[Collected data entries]
--- START ---

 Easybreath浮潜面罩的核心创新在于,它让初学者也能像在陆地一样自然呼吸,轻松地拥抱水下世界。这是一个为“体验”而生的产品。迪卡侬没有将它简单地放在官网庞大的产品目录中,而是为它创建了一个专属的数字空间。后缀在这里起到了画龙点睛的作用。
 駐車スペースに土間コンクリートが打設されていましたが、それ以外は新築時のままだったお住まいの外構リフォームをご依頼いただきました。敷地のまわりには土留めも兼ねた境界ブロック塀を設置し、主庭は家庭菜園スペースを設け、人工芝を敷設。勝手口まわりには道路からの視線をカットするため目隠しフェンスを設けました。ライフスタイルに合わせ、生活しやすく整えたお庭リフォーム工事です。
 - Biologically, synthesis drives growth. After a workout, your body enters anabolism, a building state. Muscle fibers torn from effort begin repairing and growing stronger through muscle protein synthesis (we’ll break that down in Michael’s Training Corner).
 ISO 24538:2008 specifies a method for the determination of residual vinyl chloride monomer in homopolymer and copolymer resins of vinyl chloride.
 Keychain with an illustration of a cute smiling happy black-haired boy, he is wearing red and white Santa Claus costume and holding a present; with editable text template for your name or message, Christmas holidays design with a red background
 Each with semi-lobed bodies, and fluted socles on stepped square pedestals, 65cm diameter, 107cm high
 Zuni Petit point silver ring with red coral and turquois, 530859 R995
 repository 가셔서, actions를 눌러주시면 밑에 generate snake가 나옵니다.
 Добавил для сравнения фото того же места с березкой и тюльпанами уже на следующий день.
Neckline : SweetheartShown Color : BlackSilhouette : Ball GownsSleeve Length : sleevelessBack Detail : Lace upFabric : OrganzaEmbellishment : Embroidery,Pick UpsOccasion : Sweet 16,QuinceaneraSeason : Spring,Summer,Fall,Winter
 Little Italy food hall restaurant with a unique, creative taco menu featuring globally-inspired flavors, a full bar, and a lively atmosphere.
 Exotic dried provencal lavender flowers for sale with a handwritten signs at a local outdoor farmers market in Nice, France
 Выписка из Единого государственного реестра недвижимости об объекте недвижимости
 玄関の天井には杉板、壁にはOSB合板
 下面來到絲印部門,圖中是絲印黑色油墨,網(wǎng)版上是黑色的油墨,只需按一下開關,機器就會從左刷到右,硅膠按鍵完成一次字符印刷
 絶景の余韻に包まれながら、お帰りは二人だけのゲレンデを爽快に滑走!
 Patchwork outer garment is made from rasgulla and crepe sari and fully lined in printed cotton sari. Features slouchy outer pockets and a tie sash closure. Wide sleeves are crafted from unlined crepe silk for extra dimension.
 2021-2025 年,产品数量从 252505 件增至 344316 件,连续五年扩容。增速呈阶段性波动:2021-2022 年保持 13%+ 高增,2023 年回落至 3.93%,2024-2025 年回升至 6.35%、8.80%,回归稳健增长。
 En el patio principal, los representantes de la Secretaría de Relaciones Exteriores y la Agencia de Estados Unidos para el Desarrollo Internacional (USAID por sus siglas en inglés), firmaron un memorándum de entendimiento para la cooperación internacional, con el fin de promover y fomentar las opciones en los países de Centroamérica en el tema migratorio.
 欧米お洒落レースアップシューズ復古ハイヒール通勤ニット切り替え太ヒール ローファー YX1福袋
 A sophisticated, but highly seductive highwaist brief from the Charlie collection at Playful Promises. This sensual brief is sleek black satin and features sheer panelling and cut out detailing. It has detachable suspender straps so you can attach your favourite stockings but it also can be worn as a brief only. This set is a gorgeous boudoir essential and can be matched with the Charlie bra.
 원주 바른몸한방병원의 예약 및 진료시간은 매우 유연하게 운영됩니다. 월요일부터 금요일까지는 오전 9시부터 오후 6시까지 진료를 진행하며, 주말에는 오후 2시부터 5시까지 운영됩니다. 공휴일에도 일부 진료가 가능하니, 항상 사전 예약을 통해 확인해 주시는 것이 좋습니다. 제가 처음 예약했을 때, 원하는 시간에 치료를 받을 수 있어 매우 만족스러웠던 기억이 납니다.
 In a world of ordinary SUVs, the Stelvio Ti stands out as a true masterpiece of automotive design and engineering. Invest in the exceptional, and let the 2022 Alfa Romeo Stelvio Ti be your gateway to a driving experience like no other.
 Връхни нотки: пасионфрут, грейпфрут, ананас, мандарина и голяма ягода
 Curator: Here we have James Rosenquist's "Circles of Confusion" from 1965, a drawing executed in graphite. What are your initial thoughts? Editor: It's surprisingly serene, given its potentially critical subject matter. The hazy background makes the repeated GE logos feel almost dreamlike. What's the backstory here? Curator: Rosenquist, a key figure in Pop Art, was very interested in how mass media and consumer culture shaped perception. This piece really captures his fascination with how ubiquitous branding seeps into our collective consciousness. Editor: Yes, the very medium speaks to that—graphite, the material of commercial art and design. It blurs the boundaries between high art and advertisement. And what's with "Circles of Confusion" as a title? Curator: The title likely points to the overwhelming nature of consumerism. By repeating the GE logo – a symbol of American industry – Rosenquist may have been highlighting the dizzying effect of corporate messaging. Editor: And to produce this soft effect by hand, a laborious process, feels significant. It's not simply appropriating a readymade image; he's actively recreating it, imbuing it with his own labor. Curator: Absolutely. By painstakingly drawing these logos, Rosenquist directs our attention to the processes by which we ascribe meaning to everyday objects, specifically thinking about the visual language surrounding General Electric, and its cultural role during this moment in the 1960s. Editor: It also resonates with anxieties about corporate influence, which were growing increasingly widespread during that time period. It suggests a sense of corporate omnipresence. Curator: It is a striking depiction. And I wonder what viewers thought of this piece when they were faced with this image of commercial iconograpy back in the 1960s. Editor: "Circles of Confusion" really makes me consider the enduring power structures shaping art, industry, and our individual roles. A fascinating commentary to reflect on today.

--- END ---

INSTRUCTIONS FOR THE TASK: Please make an exact copy of each record.

TASK SOLUTION:
 Easybreath浮潜面罩的核心创新在于,它让初学者也能像在陆地一样自然呼吸,轻松地拥抱水下世界。这是一个为“体验”而生的产品。迪卡侬没有将它简单地放在官网庞大的产品目录中,而是为它创建了一个专属的数字空间。后缀在这里起到了画龙点睛的作用。
 駐車スペースに土間コンクリートが打設されていましたが、それ以外は新築時のままだったお住まいの外構リフォームをご依頼いただきました。敷地のまわりには土留めも兼ねた境界ブロック塀を設置し、主庭は家庭菜園スペースを設け、人工芝を敷設。勝手口まわりには道路からの視線をカットするため目隠しフェンスを設けました。ライフスタイルに合わせ、生活しやすく整えたお庭リフォーム工事です。
 - Biologically, synthesis drives growth. After a workout, your body enters anabolism, a building state. Muscle fibers torn from effort begin repairing and growing stronger through muscle protein synthesis (we’ll break that down in Michael’s Training Corner).
 ISO 24538:2008 specifies a method for the determination of residual vinyl chloride monomer in homopolymer and copolymer resins of vinyl chloride.
 Keychain with an illustration of a cute smiling happy black-haired boy, he is wearing red and white Santa Claus costume and holding a present; with editable text template for your name or message, Christmas holidays design with a red background
 Each with semi-lobed bodies, and fluted socles on stepped square pedestals, 65cm diameter, 107cm high
 Zuni Petit point silver ring with red coral and turquois, 530859 R995
 repository 가셔서, actions를 눌러주시면 밑에 generate snake가 나옵니다.
 Добавил для сравнения фото того же места с березкой и тюльпанами уже на следующий день.
Neckline : SweetheartShown Color : BlackSilhouette : Ball GownsSleeve Length : sleevelessBack Detail : Lace upFabric : OrganzaEmbellishment : Embroidery,Pick UpsOccasion : Sweet 16,QuinceaneraSeason : Spring,Summer,Fall,Winter
 Little Italy food hall restaurant with a unique, creative taco menu featuring globally-inspired flavors, a full bar, and a lively atmosphere.
 Exotic dried provencal lavender flowers for sale with a handwritten signs at a local outdoor farmers market in Nice, France
 Выписка из Единого государственного реестра недвижимости об объекте недвижимости
 玄関の天井には杉板、壁にはOSB合板
 下面來到絲印部門,圖中是絲印黑色油墨,網(wǎng)版上是黑色的油墨,只需按一下開關,機器就會從左刷到右,硅膠按鍵完成一次字符印刷
 絶景の余韻に包まれながら、お帰りは二人だけのゲレンデを爽快に滑走!
 Patchwork outer garment is made from rasgulla and crepe sari and fully lined in printed cotton sari. Features slouchy outer pockets and a tie sash closure. Wide sleeves are crafted from unlined crepe silk for extra dimension.
 2021-2025 年,产品数量从 252505 件增至 344316 件,连续五年扩容。增速呈阶段性波动:2021-2022 年保持 13%+ 高增,2023 年回落至 3.93%,2024-2025 年回升至 6.35%、8.80%,回归稳健增长。
 En el patio principal, los representantes de la Secretaría de Relaciones Exteriores y la Agencia de Estados Unidos para el Desarrollo Internacional (USAID por sus siglas en inglés), firmaron un memorándum de entendimiento para la cooperación internacional, con el fin de promover y fomentar las opciones en los países de Centroamérica en el tema migratorio.
 欧米お洒落レースアップシューズ復古ハイヒール通勤ニット切り替え太ヒール ローファー YX1福袋
 A sophisticated, but highly seductive highwaist brief from the Charlie collection at Playful Promises. This sensual brief is sleek black satin and features sheer panelling and cut out detailing. It has detachable suspender straps so you can attach your favourite stockings but it also can be worn as a brief only. This set is a gorgeous boudoir essential and can be matched with the Charlie bra.
 원주 바른몸한방병원의 예약 및 진료시간은 매우 유연하게 운영됩니다. 월요일부터 금요일까지는 오전 9시부터 오후 6시까지 진료를 진행하며, 주말에는 오후 2시부터 5시까지 운영됩니다. 공휴일에도 일부 진료가 가능하니, 항상 사전 예약을 통해 확인해 주시는 것이 좋습니다. 제가 처음 예약했을 때, 원하는 시간에 치료를 받을 수 있어 매우 만족스러웠던 기억이 납니다.
 In a world of ordinary SUVs, the Stelvio Ti stands out as a true masterpiece of automotive design and engineering. Invest in the exceptional, and let the 2022 Alfa Romeo Stelvio Ti be your gateway to a driving experience like no other.
 Връхни нотки: пасионфрут, грейпфрут, ананас, мандарина и голяма ягода
 Curator: Here we have James Rosenquist's "Circles of Confusion" from 1965, a drawing executed in graphite. What are your initial thoughts? Editor: It's surprisingly serene, given its potentially critical subject matter. The hazy background makes the repeated GE logos feel almost dreamlike. What's the backstory here? Curator: Rosenquist, a key figure in Pop Art, was very interested in how mass media and consumer culture shaped perception. This piece really captures his fascination with how ubiquitous branding seeps into our collective consciousness. Editor: Yes, the very medium speaks to that—graphite, the material of commercial art and design. It blurs the boundaries between high art and advertisement. And what's with "Circles of Confusion" as a title? Curator: The title likely points to the overwhelming nature of consumerism. By repeating the GE logo – a symbol of American industry – Rosenquist may have been highlighting the dizzying effect of corporate messaging. Editor: And to produce this soft effect by hand, a laborious process, feels significant. It's not simply appropriating a readymade image; he's actively recreating it, imbuing it with his own labor. Curator: Absolutely. By painstakingly drawing these logos, Rosenquist directs our attention to the processes by which we ascribe meaning to everyday objects, specifically thinking about the visual language surrounding General Electric, and its cultural role during this moment in the 1960s. Editor: It also resonates with anxieties about corporate influence, which were growing increasingly widespread during that time period. It suggests a sense of corporate omnipresence. Curator: It is a striking depiction. And I wonder what viewers thought of this piece when they were faced with this image of commercial iconograpy back in the 1960s. Editor: "Circles of Confusion" really makes me consider the enduring power structures shaping art, industry, and our individual roles. A fascinating commentary to reflect on today.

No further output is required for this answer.